I my first post to this thread, I mentioned taking the road less travelled. When I lived in southern California, I drove into Mexico frequently and explored the backroads and places most tourists never saw. But, as you say, my California car insurance was not valid there. I used to buy insurance to cover the trip. There were places close to the Mexico border at Tijuana where you could stop and purchase insurance to cover you once you entered Mexico.

Another thing, we used to keep a car used just for Mexico trips. A bit of a beater, but in good mechanical condition. The places we used to go were not places you would not want to show up in a flashy, expensive car.


----------



## TomB16 (Jun 8, 2014)

My car is a diesel 2006 VW Jetta Wagon. It's in great shape but the guys I work with ask me when I'm going to replace it. Amusingly, I just got it about a year ago. It replaces a 2001 Golf TDI that we drove around the continent for 6 years and sold for what we paid for it, when the station wagon opportunity came up. It's a $4500 car, although it's in perfect condition and has heated leather, sunroof, and all that stuff.

Would that be a beater in Mexico? From what I can tell from watching YouTube videos, it wouldn't stand out for it's opulence but it would be far from the worst car on the road.


----------



## Jaberwock (Aug 22, 2012)

TomB16 said:


> Sure but where?
> 
> In PV, it appears wealthy folks go to Amapas and Conchas Chinas. The "value" folks seem to go north, toward Bucerias and maybe even Sayaluta.
> 
> ...


I would rent an apartment for at least a month before making any permanent move. That way you will find out how easy it is to do grocery shopping, travel around, do the things that a person living in the place does, rather than the things a vacationer does.
I don't know much about Mexico, we spend our winters in the DR.


----------



## Mukhang pera (Feb 26, 2016)

TomB16 said:


> My car is a diesel 2006 VW Jetta Wagon. It's in great shape but the guys I work with ask me when I'm going to replace it. Amusingly, I just got it about a year ago. It replaces a 2001 Golf TDI that we drove around the continent for 6 years and sold for what we paid for it, when the station wagon opportunity came up. It's a $4500 car, although it's in perfect condition and has heated leather, sunroof, and all that stuff.
> 
> Would that be a beater in Mexico? From what I can tell from watching YouTube videos, it wouldn't stand out for it's opulence but it would be far from the worst car on the road.

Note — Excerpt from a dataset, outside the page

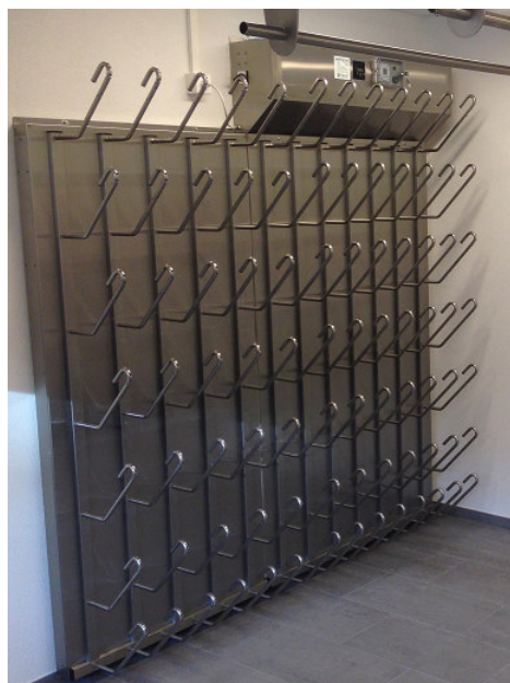
T1043 avec dispositif de suspension : Stöckl Gartenbau, Rossrüti
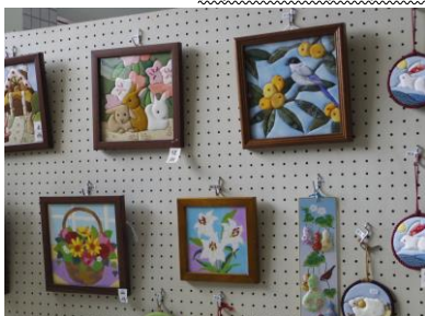
※リハビリ友の会のみなさんの作品です。

手先を動かす簡単な手芸や皆で楽しく おしゃべりしたり、和やかな雰囲気の中 で活動しています!! 男性もちろん大歓迎です! ぜひ一度見学にお越し下さい。

The period when I was driving around in Mexico was mostly the years 1996-98 and a few times after that, the last being in about 2002. My few trips there since have involved flying into Mexico and have not involved driving, except a bit with others. Your Jetta would, I think, be a high-end beater, if we can say. It should not stand out and, valued at $4,500, is not a car you need lose sleep over if it gets stolen or damaged. That's why we went there with a beater. Just not a car to worry about.


----------



## TomB16 (Jun 8, 2014)

kcowan said:


> The greater PV area offers something for everyone. It extends from Rincon de Guayabitos to Barra de Navidad. Served by the airport. I have been going there every year since 1996. I have stayed in every place except Barra de Navidad but a good friend moved his sailboat from Marina Vallarta to Barra 10 years ago.
> 
> Like many others have said, there is something for everyone. Your question is comparable to asking where you should go in the GTA and the answer is "It depends!"
> 
> ...


My Spanish sucks pene but my wife was born in Mexico City and is fluent. She left when she was very young. She tells me she speaks with a thick accent but she sounds just like the crazy Spanish chicks with 3 inch fingernails at the salon to me, when they get chattering.

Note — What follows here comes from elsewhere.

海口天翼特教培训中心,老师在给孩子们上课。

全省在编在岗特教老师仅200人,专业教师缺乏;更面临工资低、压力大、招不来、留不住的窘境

Budget is a harder question. While we could afford quite a bit, I don't see why we would go to rural Mexico and spend the same amount we could spend in Purtugal, Spain, or Italy. I would like to get away with about $5000 CDN for 3~4 weeks. In future, we would want to keep it under about $4K CDN per month, based on a 5 month stay. I'm hoping we could do it for $3K CDN.

I think we could do Italy pretty nicely for about $7.5K CDN per month, based on a 4 month trip, so hopefully Mexico would be well under that or we might as well go to Italy.

Yes, we wish to explore. We'd like to meet locals and we would like to meet expats but more important to meet locals. Chilling on a beach is good but I can't stand it for more than a couple of days in a row.

We like adventure but my wife can't do zip lines, or anything too physical. ... but the more we see, the better.

We hope it would be seasonal but that would depend on the cost and how much we enjoy it. This trip would be reconnaissance for an annual snowbird lifestyle that would start in the winter of 2018/2019.

I have no plan to ever buy in Mexico, or anywhere outside of Canada, but I'm not fixed on that position. If I fall in love with another country, I might consider moving there one day. For now, we are just renters and explorers.

Almost all of my friends are ******* Americans. I like them a lot but they can get tiresome, particularly when they explain to me how Obama ruined their wheel bearings. Gay people are no problem but I wouldn't want to room above a gay bar with loud dance music any more than I'd want to room above a rave. I need it quiet enough to sleep at night (12am to 8am) but road noise or music in the distance is fine. If I can hear my watch chain vibrate on the night stand from the beat of the music, it's a bit loud.

We want ocean. We like to swim and snorkel. Also, we love beaches. We don't need the entire time to be on the ocean but it would be fine if it was.

We are not flashy people. I do have a nice camera but would probably leave it at home. Also, I don't drink. My wife drinks occasionally. I think I've seen her drink about 5 times in the 9 years that I've known her. We don't mind going to a bar or hanging out with drunks but we aren't big drinkers ourselves.


----------



## TomB16 (Jun 8, 2014)

Jaberwock said:


> I would rent an apartment for at least a month before making any permanent move. That way you will find out how easy it is to do grocery shopping, travel around, do the things that a person living in the place does, rather than the things a vacationer does.
> I don't know much about Mexico, we spend our winters in the DR.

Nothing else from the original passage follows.